Por otro lado, se llamaba a la huelga, o bien de dos horas en cada turno laboral, o de las 24 horas. El color morado abanderaba la defensa de las mujeres en cada protesta, bien en formato de ropa de vestir, pañoleta o pancarta. El programa del Movimiento Feminista, que apostaba por una huelga de 24 horas, comenzaba a primera hora de la mañana con protestas en los hospitales en el cambio de turno de la noche al de la mañana. Su siguiente destino fue el Campus de la Universidad de Salamanca con varias caceroladas, entre ellas, en el Rectorado, donde el grupo de protesta fue recibido en el hall por el rector de la institución académica, Ricardo Rivero.
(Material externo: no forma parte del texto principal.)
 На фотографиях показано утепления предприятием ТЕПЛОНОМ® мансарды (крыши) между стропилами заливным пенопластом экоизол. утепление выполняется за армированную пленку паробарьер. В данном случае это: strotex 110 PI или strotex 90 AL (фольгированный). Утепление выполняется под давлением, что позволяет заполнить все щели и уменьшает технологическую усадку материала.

Al mediodía, la primera de las concentraciones numerosas tuvo lugar en la Plaza Mayor, en la que se desplegaron varias pancartas de las diferentes organizaciones que secundaban esta protesta internacional. En la que compartían UGT y CCOO se podía leer «#VivasLibresUnidas por la igualdad». Por su parte, el colectivo de CNT se decantó por el lema «¡Lo queremos todo ya! Justicia social». En esta convocatoria de las organizaciones sindicales participaron más de 3.000 personas, que después recorrieron algunas calles del centro de la ciudad.
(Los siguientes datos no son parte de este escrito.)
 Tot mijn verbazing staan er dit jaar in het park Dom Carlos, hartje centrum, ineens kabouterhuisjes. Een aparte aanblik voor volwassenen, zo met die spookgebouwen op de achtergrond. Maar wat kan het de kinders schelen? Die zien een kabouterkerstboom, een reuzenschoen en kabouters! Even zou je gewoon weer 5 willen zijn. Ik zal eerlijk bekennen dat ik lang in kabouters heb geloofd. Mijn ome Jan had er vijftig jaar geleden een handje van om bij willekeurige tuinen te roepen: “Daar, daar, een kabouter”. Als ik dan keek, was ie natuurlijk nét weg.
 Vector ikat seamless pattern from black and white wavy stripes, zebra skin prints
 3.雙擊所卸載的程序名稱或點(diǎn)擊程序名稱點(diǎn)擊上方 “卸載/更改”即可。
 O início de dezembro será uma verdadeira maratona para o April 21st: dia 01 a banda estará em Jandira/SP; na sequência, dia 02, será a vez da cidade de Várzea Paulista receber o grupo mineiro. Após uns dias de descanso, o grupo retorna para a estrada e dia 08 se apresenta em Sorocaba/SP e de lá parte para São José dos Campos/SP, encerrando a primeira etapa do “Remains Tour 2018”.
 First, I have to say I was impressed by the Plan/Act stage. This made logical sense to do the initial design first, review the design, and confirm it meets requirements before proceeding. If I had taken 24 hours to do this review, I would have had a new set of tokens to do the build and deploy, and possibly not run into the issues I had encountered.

Ante esta jornada, el secretario general de CCOO, Emilio Pérez Prieto, reconoció que no se deberían de quedar solo en los actos reivindicativos, «sino que queremos que se signifique que es un día donde tenemos que reivindicar la igualdad entre hombres y mujeres y que termine de una vez por todas la discriminación que existe sobre todo en el ámbito laboral, pero también el social». Para el responsable de este sindicato, es fundamental, «terminar con la brecha salarial, con la temporalidad de los contratos que sufre fundamentalmente la mujer, acabar con la parcialidad de los contratos que está en torno a un 75%, y sobre todo, de una manera tajante y contundente, terminar con toda clase de violencia machista que se sigue produciendo en este país».
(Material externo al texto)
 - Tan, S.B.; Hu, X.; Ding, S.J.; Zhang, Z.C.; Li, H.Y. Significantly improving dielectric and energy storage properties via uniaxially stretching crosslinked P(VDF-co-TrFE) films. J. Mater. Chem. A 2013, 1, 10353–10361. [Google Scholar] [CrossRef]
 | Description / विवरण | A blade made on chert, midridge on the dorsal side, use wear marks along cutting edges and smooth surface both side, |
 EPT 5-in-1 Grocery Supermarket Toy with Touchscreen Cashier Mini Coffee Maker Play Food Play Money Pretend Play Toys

Por su parte, el secretario general de UGT de Salamanca, José Luis Hernández Rivas, resaltó la unidad en esa jornada entre las organizaciones sindicales, ante un problema que considera que «somos incapaces de erradicarlo, como es por un lado, la brecha salarial que hay con las mujeres y por otro, la violencia de género que es un lastre para la sociedad». Su sindicato apuesta por educar en igualdad.